Should I refinance my federal student loan into a private student loan with a lower rate?

Answer:

You should weigh the benefits and risks of refinancing your federal student loan into a private student loan with a lower rate, because changing from a federal to a private student loan eliminates some protections and benefits. 

If you are looking to lower your interest rate, lower your monthly payment by extending the repayment term, or seeking to release a co-signer from your student loan, some borrowers in repayment with excellent credit may be able to refinance their existing federal student loans under a new private loan with a lower interest rate. Borrowers considering this option should also be aware of the risks:

  • Look closely if you are switching from a fixed rate loan to a variable rate loan. Interest rates for most federal loans have fixed rates, which means that you never have to worry about your interest rate and monthly payment going up if interest rates rise in the future. If you switch to a variable rate loan, your interest rate could rise above the original fixed rate over time, and your payment could go up. 
  • You will probably lose certain benefits if you refinance. Borrowers working in public service or as teachers in certain low-income schools may be able to get loan forgiveness for certain federal loans.

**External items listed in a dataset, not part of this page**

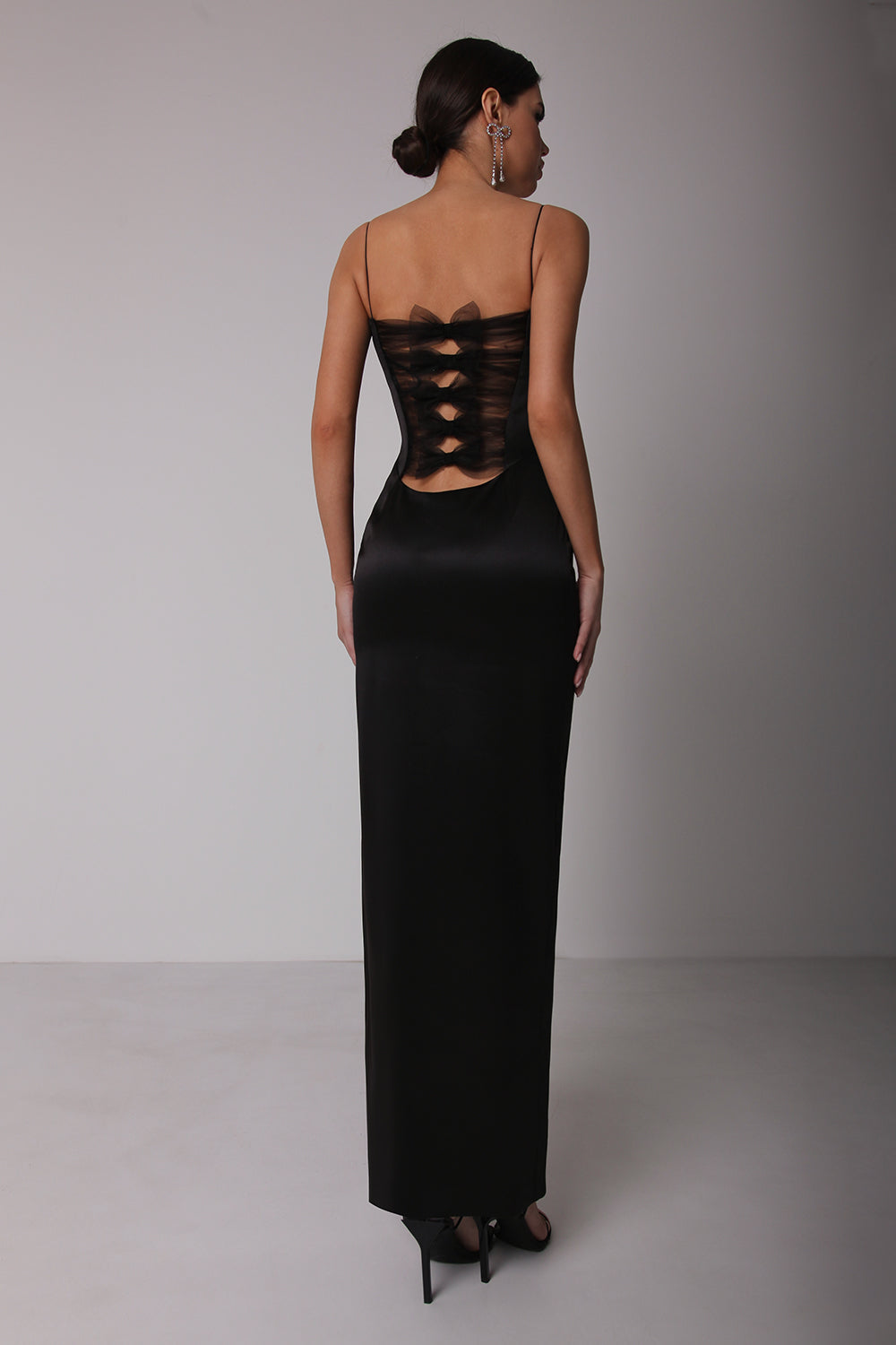 A fitted maxi dress on fine straps with a sweetheart neckline, adorned with delicate chiffon bows. The body-hugging silhouette gracefully follows your curves, while the high slit adds a sensual twist. Ideal for evening events, date nights or special occasions.
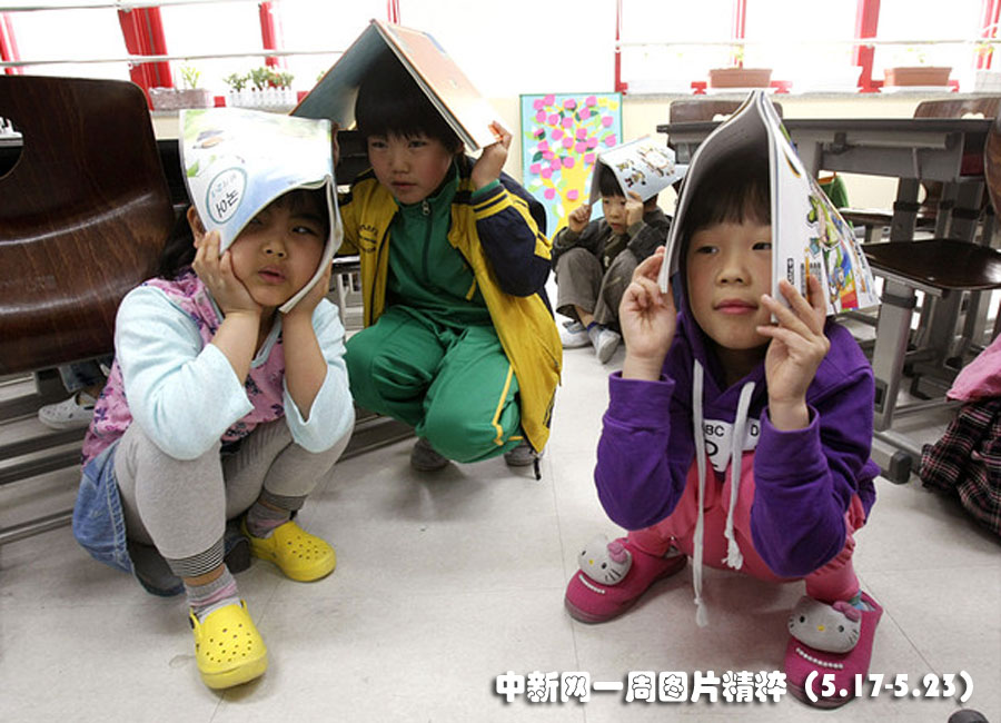 近日,首爾的一次地震演習(xí)中,韓國小學(xué)生將筆記本蓋在頭上蹲在課桌旁。各地方政府當天也參與了這次全國性的地震演習(xí)。
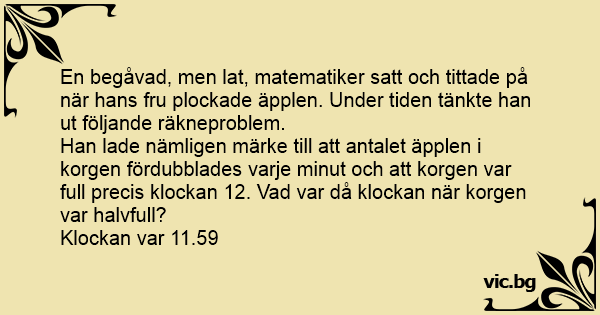 En begåvad, men lat, matematiker satt och tittade på när hans fru plockade äpplen. Under tiden tänkte han ut följande räkneproblem.
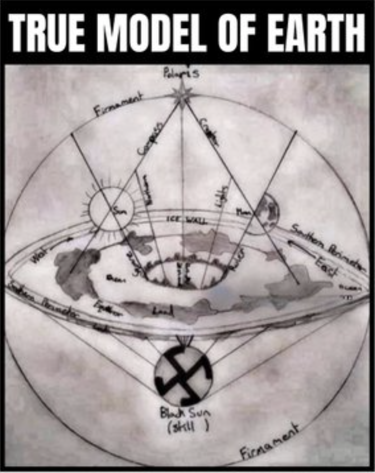 The moon is a floating office (& reflection dish) called the Lunar Earth Command that operates our distorted weather. The black sun (from below the surface in N Pole) projects earth's image onto the moon in black and white. Image from Freem@son whistleblower.
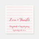 Skapa dina egna anpassade, personliga, eleganta, moderna, rosa randiga mönster, vacker typografi / handstil / typsnitt, bröllop / årsdagsfest cocktail servetter. Skriv bara in brud och brudgums eller fru och makes namn och bröllopsdatum för att anpassa. Eleganta, klassiska pappersservetter, perfekta för bröllopsfest, årsdagsfirande, förlovningsfest och mer.
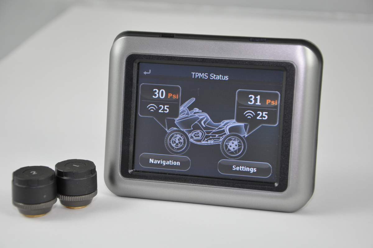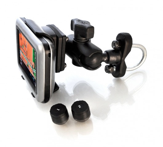 Датчики накручиваются на колесные вентили. После установки элементов питания, датчик начинает измерять  давление и температуру. Полученные данные передаются на большой ЖК-дисплей, который вы можете установить в любом удобном месте в мотоцикле, и сразу же отображаются на экране. Дисплей комфортно отображает нужные данные. Если показатели выходят за пределы, которые вы устнавливаете, система предупреждает при помощи подсветки дисплея и звукового сигнала.
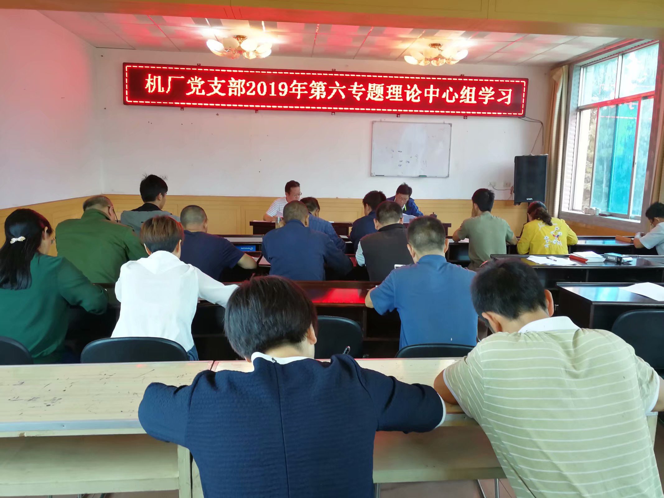 根据矿组织部关于基层领导班子2019年第六专题理论学习中心组学习的通知要求,机厂党支部于 2019年7月26日上午 10:00,在机厂大会议室组织召开了理论中心组学习会。矿挂钩联系领导、相关部室人员、厂领导班子、队股级管理人员、党员共22人参加了专题学习会,会议由支部书记蒋菱同志主持。会议主要学习了以下内容:
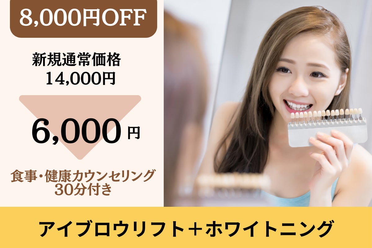 ①アイブロウリフトとホワイトニングの2つのメニューを一度に受けられる権利です。セットでお得!しかも時短です!新規通常価格14,000円より8,000円OFF
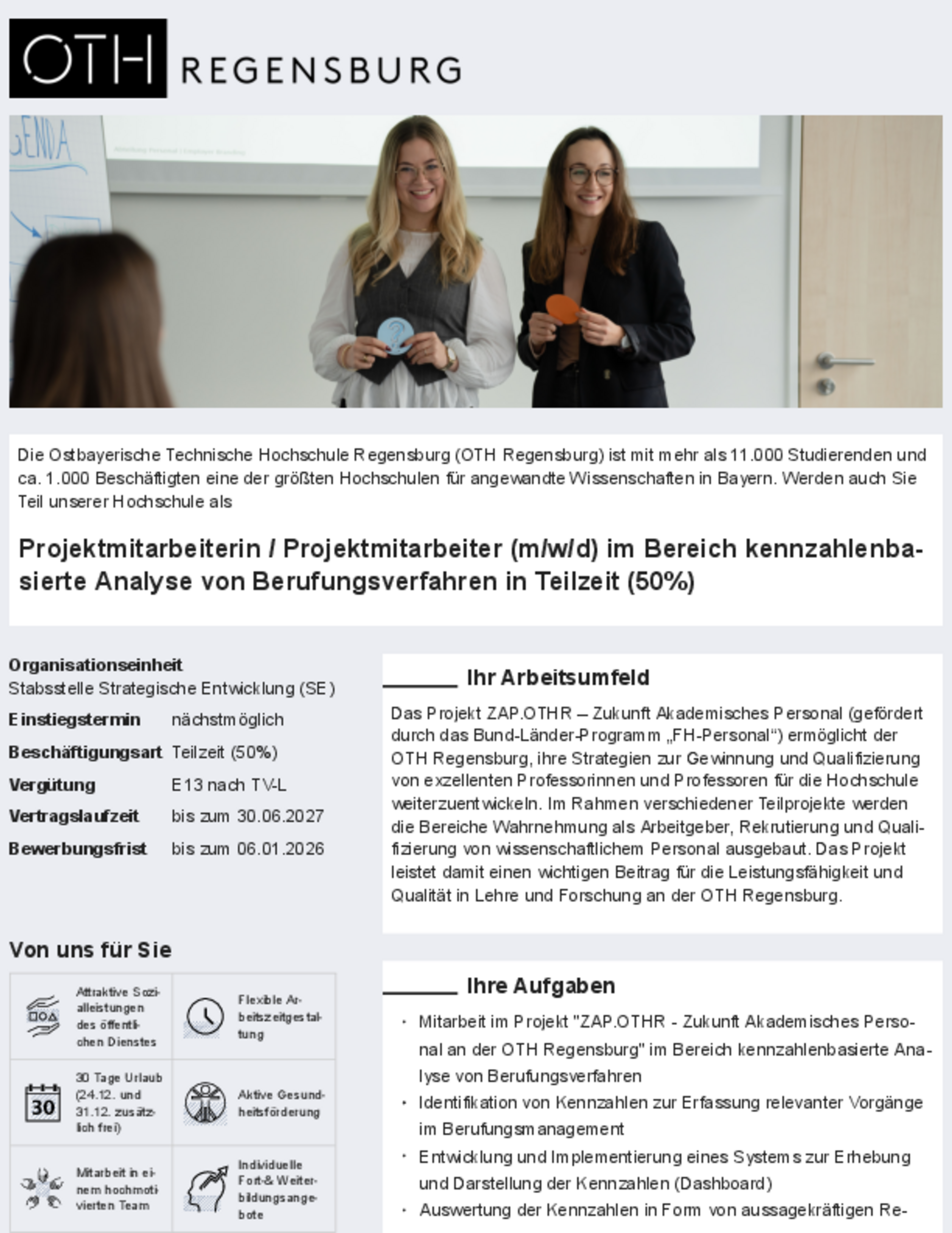 - Mitarbeit im Projekt "ZAP.OTHR - Zukunft Akademisches Personal an der OTH Regensburg" im Bereich kennzahlenbasierte Analyse von Berufungsverfahren
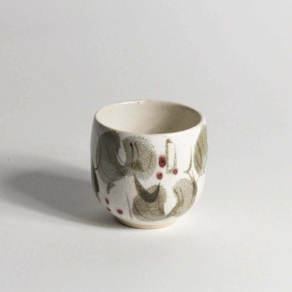 Gobelet en grès craquelé blanc, motif "Feuillage Baies" brun.
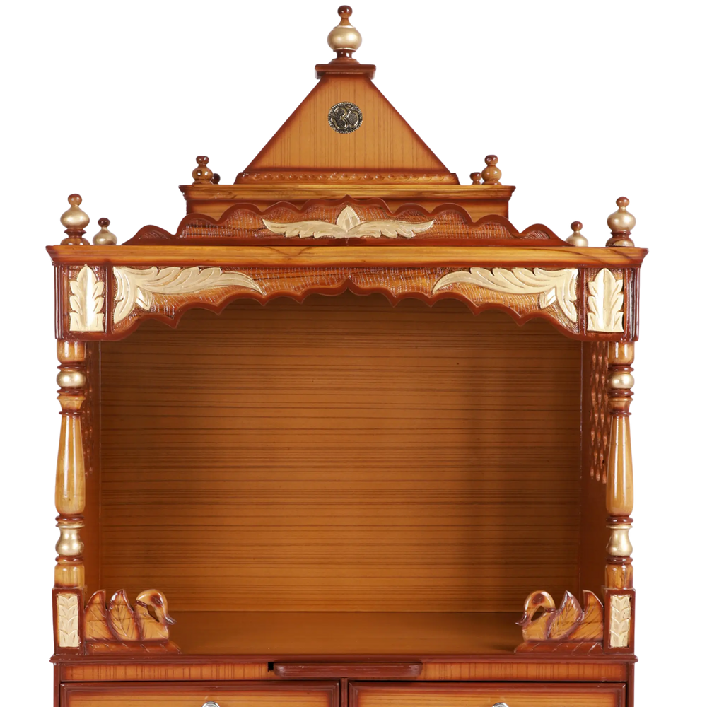 Sacred Home Large Floor Rested Pooja Mandir without Door (Teak Gold)
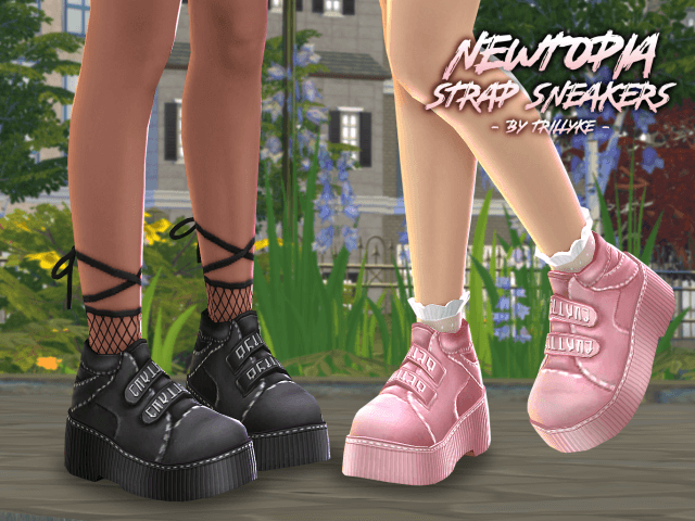 Newtopia Strap Sneakers Comfy platform shoes coming in a variety of pastel colour and multicolour options! 🧡 custom thumbnail 20 swatches base game compatible edited EA mesh by me

If you refinance your federal loan with a new private student loan, you will no longer be eligible to participate in these federal loan forgiveness programs. You may also lose the protection of loan discharge or forgiveness in the case of death or permanent disability, which you get with federal student loans.  Not all private loans offer loan discharge benefits or forgiveness in the case of death or permanent disability. Active-duty servicemembers might also lose benefits on pre-service obligations if they refinance.
  • You will no longer qualify for certain repayment programs or plans. Federal student loans provide options for borrowers who run into trouble, including income-driven repayment (IDR). If you consolidate with a private lender, you will lose your rights under the federal student loan program, including deferment, forbearance, cancellation, and affordable repayment options

If you have a secure job, emergency savings, strong credit, are unlikely to benefit from forgiveness options, then refinancing into a private student loan may be a choice worth considering.